At least, it's best to go in knowing that that's what it is going to be worth
in the end, so that you'll be able to negotiate correctly.

They'll probably quote you a percentage and spin a story that ends with you
walking away with a cool quarter million when they exit (assuming their
optimistic math works out as expected). That's good, because you know that new
startups fail outright roughly 90% of the time, and never pay meaningful
equity returns the remaining 10% (with the actual exits that are good for
employees living in the rounding error of that last number).

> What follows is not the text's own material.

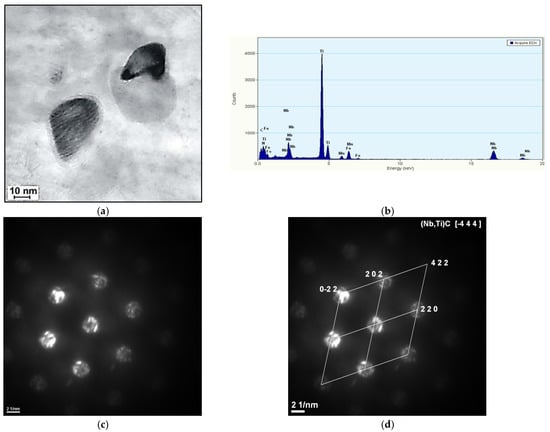 Dispersive precipitation of carbides (Ti,Nb)C in S700MC steel limiting the growth of recrystallized austenite grains. (a) dispersive precipitation of carbides (Ti,Nb)C; (b) EDX spectrum; (c) diffraction pattern; (d) diffraction pattern solution.

But now you have something with a stated value that you can negotiate away in
exchange for additional consideration on top of the market rate they'll need
to bring you in. I personally used to prefer trading my options for extra paid
vacation.

If they suddenly decide that those options aren't actually worth all that
money after all, now that you've decided to trade them away, you can start
talking about that 90%/10%/0% outcome breakout above and bring in terms like
"hazard pay" to offset the near certainty that you'll be back on the job
market in eleven months time.

This may affect their impression of whether you're going to be a "team player"
who "shares their vision". Which is fine. You're trading your time for money.
If they don't want to do that with you, they can keep looking and hopefully
find that idealistic kid they're looking for who can't do simple math in the
presence of a happy narrative.

Good luck!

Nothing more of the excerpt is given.